In sum, the Commissioner's decision should be reversed and remanded for further proceedings consistent with this Report and Recommendation. On remand, the Commissioner will necessarily consider the additional evidence presented to the Appeals Council as it is now part of the record and will be relevant to any future decision, as Plaintiff is insured for DIB through December 31, 2020.

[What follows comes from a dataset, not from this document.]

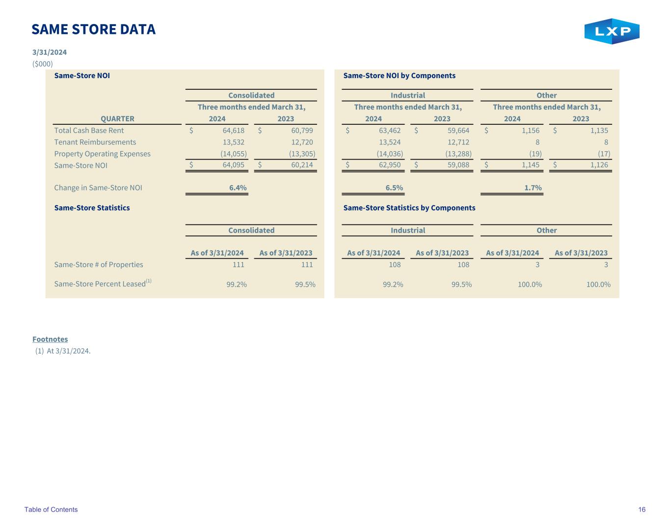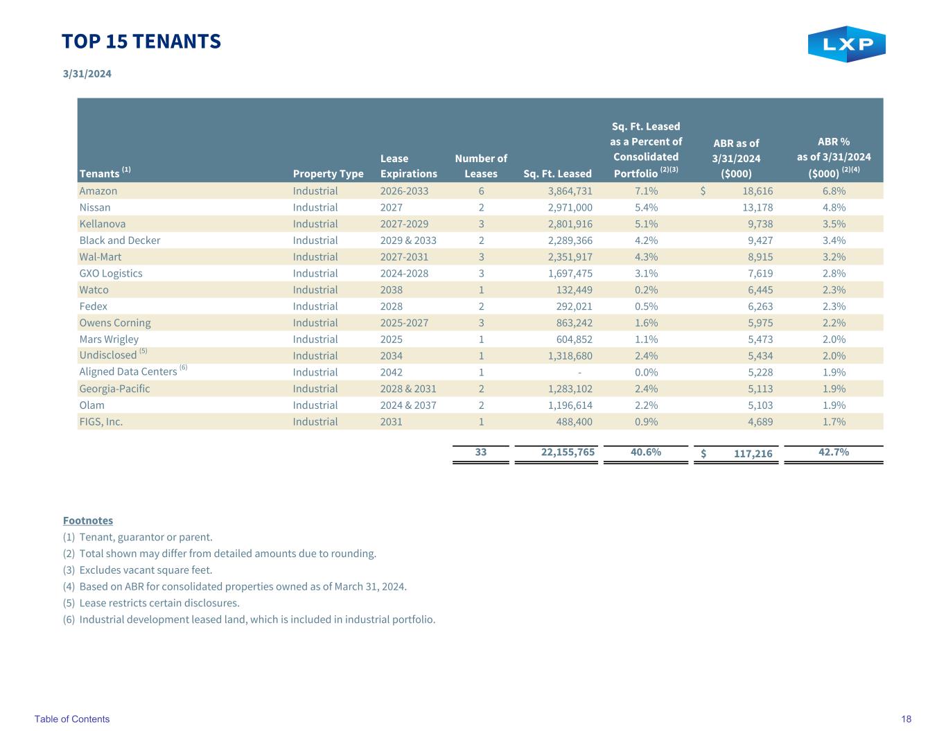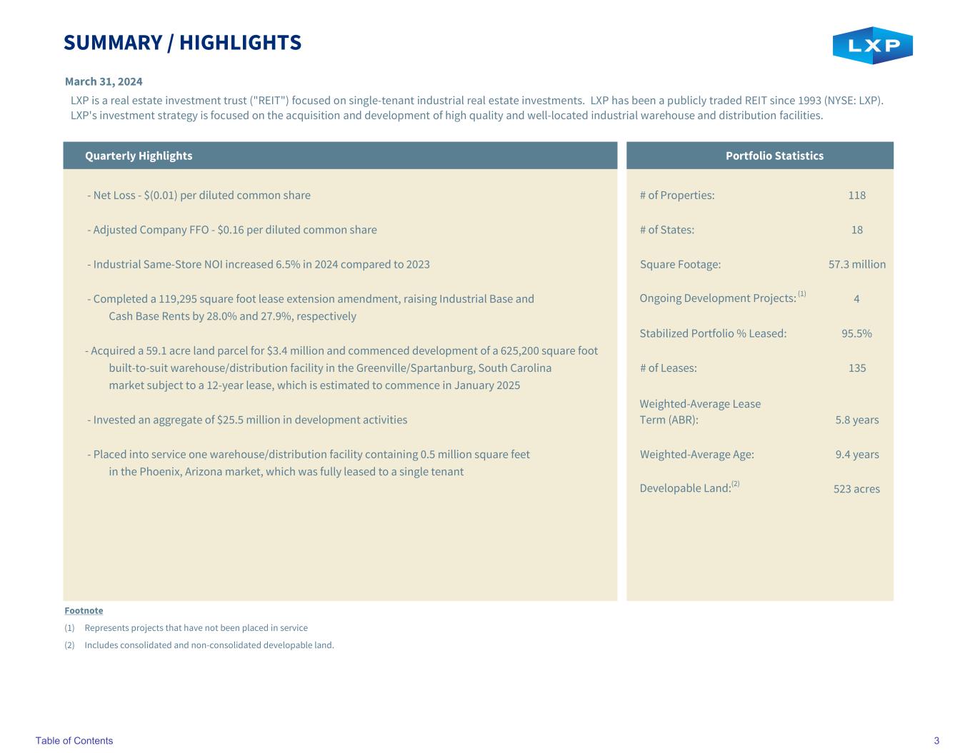 摘要/要点2024年3月31日季度亮点投资组合统计-净亏损--(0.01)美元/稀释后的普通股#物业:118-调整后的公司FFO--0.16美元/稀释后的普通股#各州:18-与2023年相比,2024年工业同店NOI增加了6.5%面积:5730万-完成了119,295平方英尺的租约延期修正,提高了工业基础和正在进行的开发项目:(1)4现金基础租金增加28.0%和27.9%,分别稳定的投资组合%租赁:95.5%-以340万美元收购一块59.1英亩的地块,并开始在南卡罗来纳州格林维尔/斯巴达堡开发一个625,200平方英尺的定制仓库/配送设施#租赁:135市场受制于12年的租约,估计将于2025年1月开始--在开发活动中投资总计2550万美元5.8年-投入使用一个包含50万平方英尺的仓库/配送设施加权平均年限:亚利桑那州凤凰城市场9.4年,全部出租给单一租户的可开发土地:(2)523英亩脚注(1)代表尚未投入使用的项目(2)包括合并和非合并的可开发土地。加权-平均租赁期限(ABR):LXP是一家房地产投资信托基金(“REIT”),专注于单租户工业房地产投资。自1993年以来,LXP一直是一只公开交易的房地产投资信托基金(纽约证券交易所代码:LXP)。LXP的投资策略专注于收购和开发优质且位置优越的工业仓库和配送设施。目录3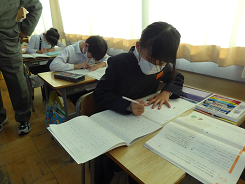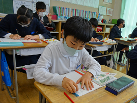3年生は「たから島のぼうけん」という教材で、「組み立て」にそって、わかりやすくわくわくする物語を書いて、お家の人に読んでもらおうというめあてを持って学習をしています。今日は3年2組の研究授業。竹田先生の指示に、一生懸命書いている姿がとても印象的でした。どんな物語ができるかな。こちらも楽しみです。

The ALJ should reconsider Plaintiff's alleged mental impairments, being careful to determine whether these impairments are medically determinable based on clinical observations. If so, the ALJ should then determine whether the impairments are severe or non-severe and, if Plaintiff does in fact have medically determinable mental impairments, even if those impairments are not severe, the ALJ should consider any resulting functional limitations when formulating Plaintiff's RFC.
Finally, the ALJ should carefully consider all medical records recording symptoms and signs of impairments, especially evidence relevant to the Listing at 1.04
RECOMMENDATION
Based on the foregoing, it is recommended that the Commissioner's decision be REVERSED AND REMANDED for further proceeding consistent with this Report and Recommendation. The parties are advised of their right to file an objection to this Report and Recommendation with the Clerk of this Court by August 12th , 2019, in accordance with 28 U.S.C. § 636 and Fed. R. Civ. P. 72. The failure to timely object to this Report and Recommendation results in waiver of appellate review of the recommended ruling. Moore v. United States, 950 F.2d 656 (10th Cir. 1991); cf. Marshall v. Chater, 75 F.3d 1421, 1426 (10th Cir. 1996) ("Issues raised for the first time in objections to the magistrate judge's recommendation are deemed waived.").
This Report and Recommendation disposes of all issues referred to the undersigned Magistrate Judge in the captioned matter, and any pending motion not specifically addressed herein is denied.
ENTERED this 23rd day of July, 2019.